▶ _Provided data_

"""

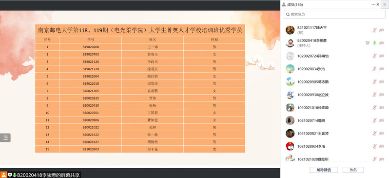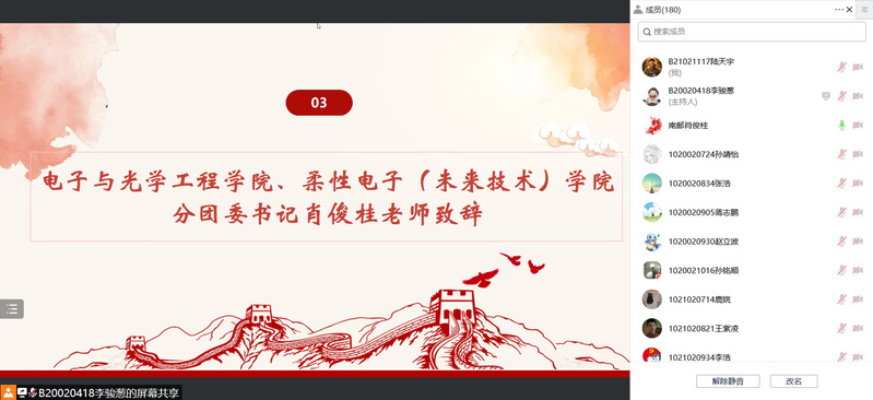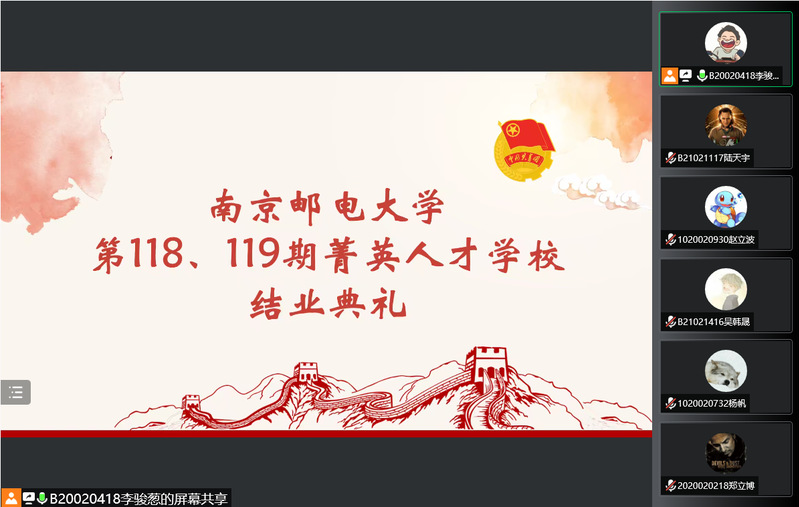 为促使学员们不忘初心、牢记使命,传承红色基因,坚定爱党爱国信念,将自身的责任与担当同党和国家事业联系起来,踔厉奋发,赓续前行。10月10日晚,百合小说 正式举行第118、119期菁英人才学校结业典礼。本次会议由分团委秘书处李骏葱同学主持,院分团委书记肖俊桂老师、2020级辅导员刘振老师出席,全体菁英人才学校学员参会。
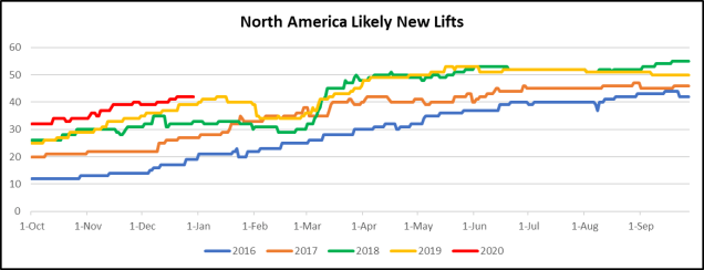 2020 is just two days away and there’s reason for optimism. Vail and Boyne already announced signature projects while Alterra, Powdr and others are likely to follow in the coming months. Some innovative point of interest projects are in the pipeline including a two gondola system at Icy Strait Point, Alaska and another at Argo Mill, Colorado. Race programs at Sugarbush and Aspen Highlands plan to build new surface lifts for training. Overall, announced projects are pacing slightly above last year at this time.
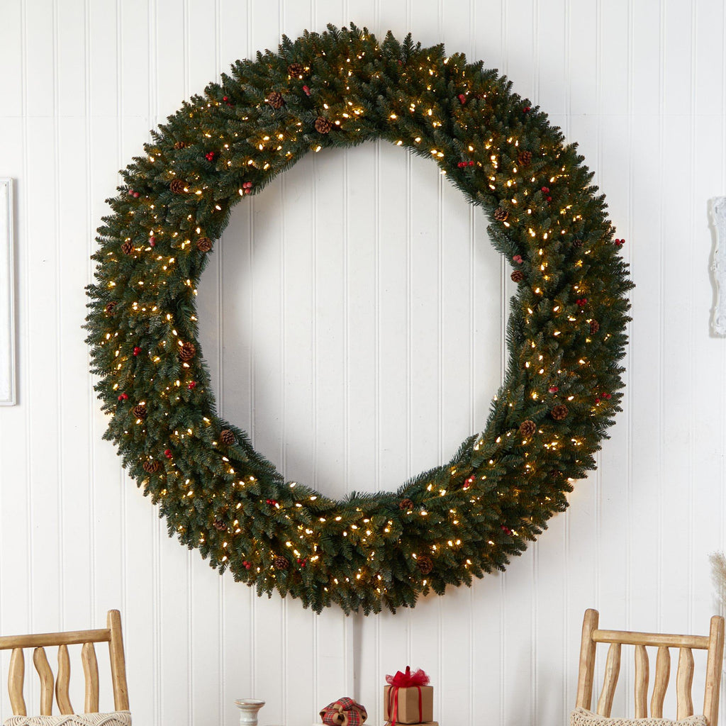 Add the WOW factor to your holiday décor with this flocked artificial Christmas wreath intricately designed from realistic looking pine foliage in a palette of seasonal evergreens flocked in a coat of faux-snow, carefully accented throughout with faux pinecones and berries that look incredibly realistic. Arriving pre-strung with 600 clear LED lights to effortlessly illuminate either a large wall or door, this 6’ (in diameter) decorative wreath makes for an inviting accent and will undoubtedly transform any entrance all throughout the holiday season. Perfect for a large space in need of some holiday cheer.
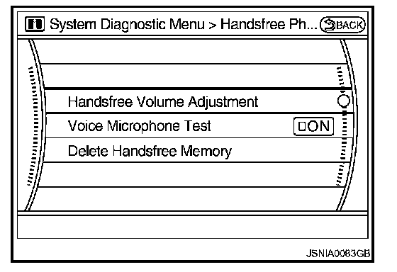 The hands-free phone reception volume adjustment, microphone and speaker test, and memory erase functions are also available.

"""

▶ _Exercise_
Your copy should consist only of the lines from the line holding "2020 is just" through the final line of the listing above, both included, with all pictures omitted.

▶ _Task output_
 2020 is just two days away and there’s reason for optimism. Vail and Boyne already announced signature projects while Alterra, Powdr and others are likely to follow in the coming months. Some innovative point of interest projects are in the pipeline including a two gondola system at Icy Strait Point, Alaska and another at Argo Mill, Colorado. Race programs at Sugarbush and Aspen Highlands plan to build new surface lifts for training. Overall, announced projects are pacing slightly above last year at this time.
 Add the WOW factor to your holiday décor with this flocked artificial Christmas wreath intricately designed from realistic looking pine foliage in a palette of seasonal evergreens flocked in a coat of faux-snow, carefully accented throughout with faux pinecones and berries that look incredibly realistic. Arriving pre-strung with 600 clear LED lights to effortlessly illuminate either a large wall or door, this 6’ (in diameter) decorative wreath makes for an inviting accent and will undoubtedly transform any entrance all throughout the holiday season. Perfect for a large space in need of some holiday cheer.
 The hands-free phone reception volume adjustment, microphone and speaker test, and memory erase functions are also available.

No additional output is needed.